I’m making a push to get things done, setting up opportunities and trying to muster the courage to take them.  In the mean time, find yourself a metaphor - they are fun to play with but should carry the following warning:
DISCLAIMER: Understanding The World in metaphors is like seeing the world in mirrors, always accurate to yourself but varying depending on the angle you look at it from.

Sunday, 12 June 2011

Films, Grit and Determination

I just finished watching a film that almost killed me laughing, snuggled into bed, checked Twitter and discovered Finding Nemo was on the trending list.  Idea for a Blog just arrived.  I was in the middle of writing one last night for you all, but it was so tedious I fell asleep in the process.  If I bore myself, I can only imagine what it must do to you all!

I’m something of a filmaholic.  I love films, all types apart from horror which I just zone out of.  I think there is enough horror around the world without having to add extra scenes of gore and monstrosity into the boiling pot.  The film I watched tonight was like my perfect film, with action, comedy, and, of course, a character to fall in love with.

Over the years, and more so in the recent past, people have suggested a film - or a TV series - about our slightly unusual family.  I think it would be great, but I can’t help the niggling thought that the world just aren’t quite ready for us.  By looking at the stats for this site I can tell that a lot of the people who view my blog have already met my family through the realm of cyber space and have been redirected here from A Murder of Crows, our site.  As you may gather from those pages, there is never - and really, I mean never! - a dull moment in this household.

But films and scripts are like everything else that I attempt to discipline myself to.  They are so often started and never completed.  I look through the collection of writings I’ve done and so many that are left unfinished.  Is this the fate of an artist without a muse, or is it - more likely - the sheer lack of grit and determination?  My sister, Judith, is pursuing her film through hell and high water to ensure it gets done.  Our family are an inspiration in continuing to use creativity.  Our house is like a library and one of the most beloved collections of books we have is a set called the Value Tales.  These are an American series that are biographies for children of certain individuals whose life had excelled in some “value”, for example Charles Dickens was The Value of Imagination.  We grew up with these books, I’ve no idea where they came from, but they have always been taken for granted by me, or used to rest writing paper on - they are the perfect size to hold A4 - until now.  My two favourites were the stories of Helen Keller and Louis Pasteur and their values were Determination and Believing in Yourself - not rabies, as I used to believe - and yet of the set, those are the two values I most struggle with.

This made me think back to films.  In this household every Friday night is film night when we all sit down together and watch a film of one person’s choosing.  Depending on the film, we occasionally analyse it afterwards and one comment that was made to me was regarding my need for an explicit hero character, not one of these dark antiheroes, but the proper sweep you off your feet type thing.  I fully expect to get shot down by some of my readers for suggesting this but feminism infinitely dashed the chances of finding these overtly romantic men with its aggressive stance that was so pro-women it became anti-men.  Don’t get me wrong, I appreciate the right to vote and equal pay for jobs but it is my firm belief that, whilst men and women are equal in their rights, they are not equal in every particular.  I certainly hope that when Mr Right finally does appear at my door, he’ll appreciate my choice to be what I want, even if that is a housewife.

So I’m still looking for my hero, perhaps a little too hard.  It could be time for me to take my own advice, to Believe in Myself, like Louis Pasteur, or have Determination, like Helen Keller.  Today, the Twitter site of a certain individual I follow - that is in a Twitter sense, not in a scary stalking way! - gave these words of wisdom:

Today!

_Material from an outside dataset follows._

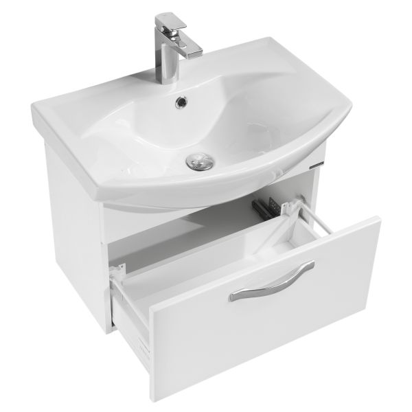 В тумбе за фасадом расположен ящик из влагостойкой ДСП со вставками, организующими его пространство. Ящик установлен на направляющие полного выдвижения немецкого производителя фурнитуры GRASS, благодаря чему им удобно пользоваться даже с керамической раковиной, выступающей вперед.Тумба для комплекта Акватон Ария 65 белая не только не только функциональный предмет интерьера ванной комнаты, но превосходное эргономичное дополнение дизайна, как небольшого, так и крупного помещения. Подвесной способ установки дает возможность не только визуально увеличить пространство, но и обеспечивает быстрый и удобный доступ для уборки.Компания Акватон использует при производстве высококачественные водоотталкивающие материалы (ДСП), соответствующие всем необходимым требованиям безопасности. Коллекция Ария выполнена в эксклюзивном дизайнерском решении в лучших традициях современного стиля. Белый, основной цвет исполнения Акватон Ария, отлично подходящий большинству дизайнерских решений. Тумба под раковину предусматривает удобную и вместительную систему хранения, состоящую из ящиков. Качественные доводчики позволяют обеспечить мягкое и тихое закрывание. Важные габариты изделия: ширина 59.4 см, глубина 31 см, высота 44.2 см.Россия родина бренда Акватон, вся продукция производится со строгим соблюдением всех стандартов, благодаря чему можно быть абсолютно уверенным в надежности и высоком качестве. Тумба для комплекта Акватон Ария 65 белая создаст уют и комфорт в любом дизайнерском решении, и ванная комната обретет неповторимый элемент интерьера.

If you fight all those who wish for you to fail- you'll be too weak to succeed! Work hard & stay focused and you'll outlast them all! 

My initial thought ran something like: “Well, that’s fine for you to say, you’ve got where you wanted.”  Then I reread it, and after flicking through a few web pages full of critics and their reviews of films and books, I realised the value of Believing in Myself and Determination.  Yes, perhaps people will fight against me succeeding and perhaps critics will tear my work apart, but my artistry means so much to me that I will outlast them all.  I’m planning, once again, to take his advice and build upon it - do the same.  If there is something productive worth doing, go for it.  Concentrate on strengthening those values most lacking and no matter what the sceptics or critics say, it will succeed with flying colours!

And watch that film: Triggermen.  Three guesses how I stumbled across it!

Tuesday, 7 June 2011

A Trip Down Memory Lane



I suppose my reasons for beginning writing these blogs were not entirely to share observations.  To a certain extent I had to prove to myself that this was something I could do.  It became a target to reach - the next step along the road of writing.

What road am I walking down?  That’s easy, it’s the same as you and it’s, rather tweely, labelled Memory Lane.  Here’s how I view it…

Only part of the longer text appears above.